Pucko was created in 1953, by Mjölkcentralen, predecessor to Arla Foods, in Järlåsa and launched in 1954. The name is inspired and derived from an ice cream called Choklad-puck (chocolate puck), a business that Mjölkcentralen/Arla also had at the time. "Puck" was part of the name in some way of several of Mjölkcentralens products, among them a cheese. "Pucko" is a mild slang for "idiot" in Swedish.

During the 1955 consumer product exhibition, Sankt Eriks-Mässan, 19,700 bottles were sold in 16 days. In the mid 1960s, sales increased tenfold.

The original bottle was inspired by the Coca-Cola bottle design, but it was abandoned shortly. The next design was used until 2000, when it was slightly altered to the current design.

In 1975, production responsibility was handed over to Semper, a subsidiary of Arla. In 1987, production was moved to Laholm and the factory in Järlåsa closed. Arla sold Semper in 2003, but kept the rights to Pucko, and production continued at Semper in Laholm.

On 1 July 2005, the production was transferred to Cocio in Esbjerg, Denmark. The move to a foreign company was met with criticism and upset Swedish hot dog sellers. 12 people were laid off in Laholm.

On 1 January 2008, Arla bought the remaining 50% of Cocio from E. Bank Lauridsen Holding A/S and IAT Holding A/S, making Cocio a wholly owned subsidiary of Arla and thus taking full control of the Pucko production, among other things.

During the Great Recession in 2008, sales of Arla's chocolate milks fell substantially.

There existed a Pucko ice cream from July 2009, until at least that year out by Hemglass.

For some time after the production move to Cocio, Pucko was branded with Cocio as well. As of 2021, Pucko is branded without Cocio.

==Description==
Pucko is a cold chocolate drink that is primarily available in 20 cl glass bottles with a screw top, but there is also a somewhat bigger bottle. Pucko is now also sold in cartons, 1 L bottles and 25 cl aluminium cans. The drink itself is also available in a few variants including a diet version, a dark chocolate version and a few versions with added flavour.

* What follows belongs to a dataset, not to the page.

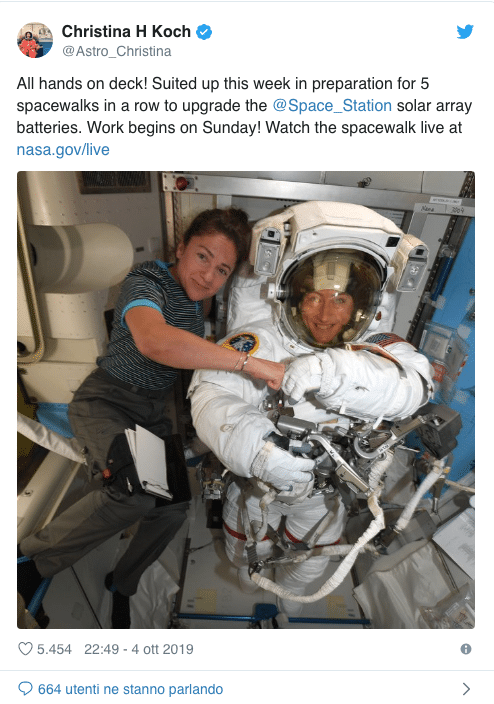 Lo scorso marzo, infatti, quella che avrebbe dovuto essere la prima passeggiata di sole donne nello spazio è stata rimandata proprio per un problema di tute. Sembra assurdo ma è così. Non c’erano le protezioni della taglia adeguata per fare partire insieme le due astronaute. Questa volta il problema non ci sarà.

Pucko is made from standard pasteurised milk, which is pumped into the process via a heat exchanger. The milk is heated to 75°C and mixed with sugar, cocoa and caramel flavouring. The latter gives Pucko its mild taste. The mixture then goes into a homogeniser and is later autoclaved. The mixture is then cooled to room temperature and is thus ready.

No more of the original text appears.